WS2M User's Manual

Ws2m.exe does the job of estimating the total number of types in a finite collection. It was developed to estimate the number of species in a collection of identified individuals, and we will use the language of that application to explain the program. (We believe Ws2m can be used on many other sorts of data but these uses remain untested. Ws2m contains a sample-with-replacement option to allow you to test it yourself.)
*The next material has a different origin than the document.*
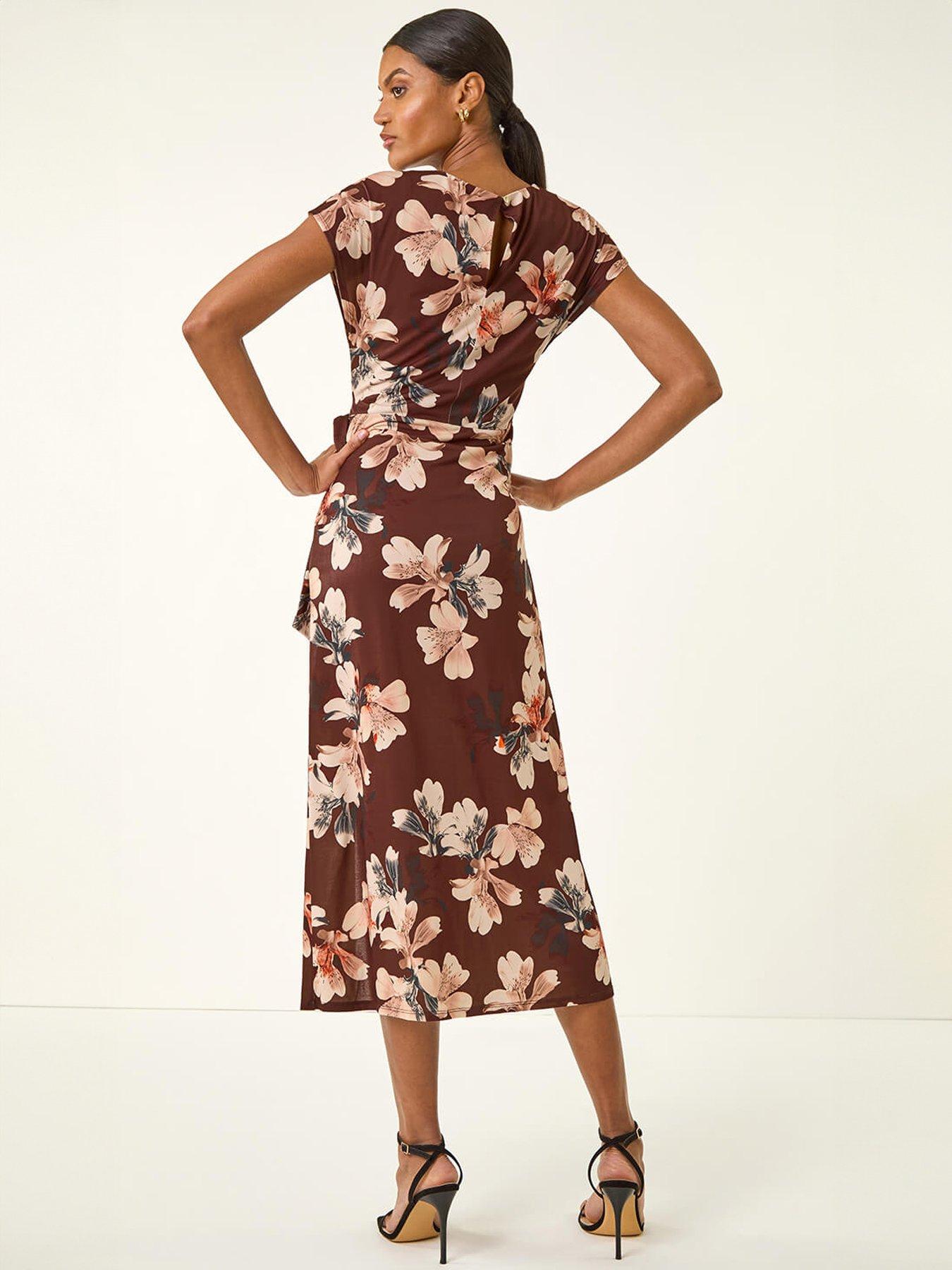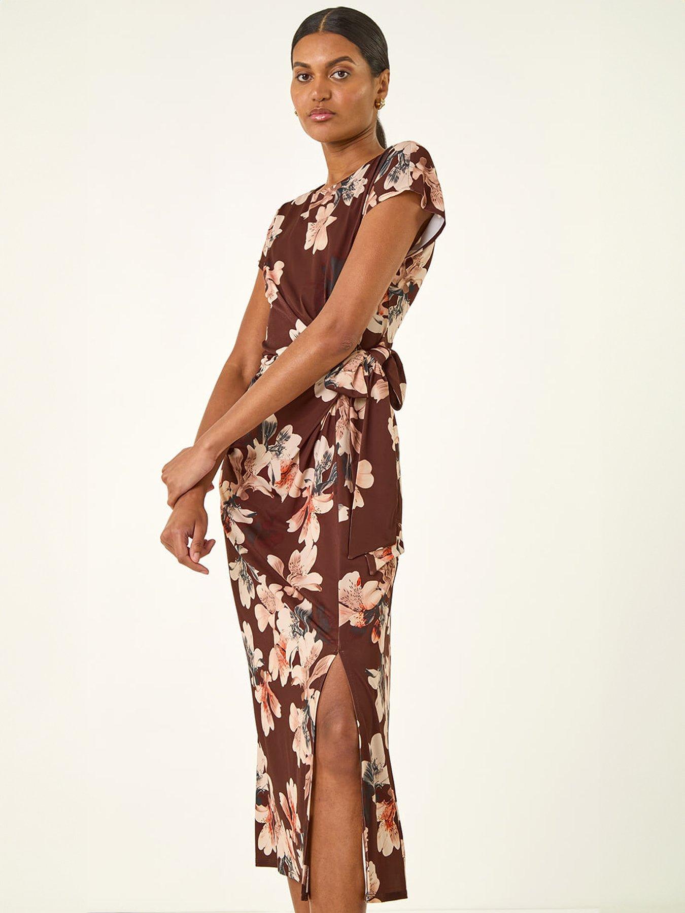 Roman Floral Twist Stretch DressAdd a touch of floral charm to your Autumn/Winter wardrobe with this printed twist dress. Crafted from a soft touch ITY stretch fabric this dress features an eye catching floral print and a flattering twist detail at the waist. The short sleeves and classic round neck create a versatile piece that can easily be dressed up with heels and a blazer for a chic and sophisticated look.

Ws2m takes in a data set and produces a series of statistics for a randomly ordered data set like it. At each step of the series, an enlarged proportion of the data set is used to calculate both Fisher's alpha and estimates of the number of species. Ws2m uses a large (and user-controllable) variety of estimators to produce the estimates. It also reports the number of individuals used to that point and the actual number of species so far obtained in the collection. It can report species-abundance distributions and Jaccard indices. It has more tools than we know how to use yet. However, it will not take out the trash at your grandmother's apartment.

The nature of the data: three alternatives

A series of samples with known sample abundances (PRN file). Each sample contains a number of individuals. The species of each individual in each sample is known.
Presence/absence matrix. Same as previous except without abundances. Each cell has a one (1) if the species appeared in the sample, a zero (0) if it was absent. Obviously, you can convert data of type 1 to this type if, for any reason, you wish to.
A vector (VEC file). There are two vectors in a VEC file: the list of sample sizes and the list of each species' proportional abundance. Useful when you do not know the detailed compostion of each sample, but do know the abundance proportions of the entire set. We discuss vector files below.

The output

The output file with the extension .out. This contains all the results in ASCII format. The output file is permanent until you overwrite it. Using your favorite graphics package, you can display anything you wish from the output files. The following table explains some suffixes on column headings.

X_BV	Bootstrapped Variance. Reports the variance in X among runs. X can be a counted value, such as the number of species observed, "Sobs" or an estimated value, such as "Chao1". X_BV values will be 0 if you do not shuffle sample order or resample individuals, or if you only do one run. Note that this does not compute the variance formulas for various estimators in the published literature. See also "Other notes" below.
X_RD	Mean deviation of X from zeta across multiple runs. zeta is the total number of species actually present in the entire original data set. This is most useful for testing estimators on data sets which you assume represent the real world. Ideal estimator (which doesn't exist yet) would have X_RD of 0 asymptotically. Even better would be to attain X_RD of 0 with only a single sample.
X_RPD	Like _RD, but expressed as percentage of zeta.
X_RPO	Percentage of runs on which X exceeded zeta. 50 would indicate that the estimator produces over and underestimates with equal frequency.
X_QPC	Percentage of samples which were within 5% of the final X value for all samples. The ideal estimator would have X_QPC of 100% (meaning even the estimate with 1 sample was within 5%).

The summary file with the extension .sum. This contains the averages of the results at the last step (the one with the largest number of individuals) (also in ASCII format).
The display. A graph of some results.

Graphing

Copy

Overlay new plot on existing plot

Graphing

A vector file with the extension .vec. Sample sizes and abundances. Produced by Ws2m if you ask for it in Advanced Options (see below). Or you can make one yourself.
A file of species-abundance results. Permanent text file produced when you request SAD graphing.
A text file of the shuffled matrix at the last run. Permanent text file produced when you request shuffling of individuals (see below). Useful for checking and confidence building.
A debug file. Permanent text file produced if anything unexpected happens during execution (e.g., one of the non-linear regression procedures does not converge).

Preparing the data file for input

In each case, the data file must be a pure ASCII file. Use a text editor to be sure. If the data file will not load properly, use a hex editor to get rid of the non-ASCII bytes.

PRN format. Types 1 & 2, above; the data occur as a series of samples ("quadrats").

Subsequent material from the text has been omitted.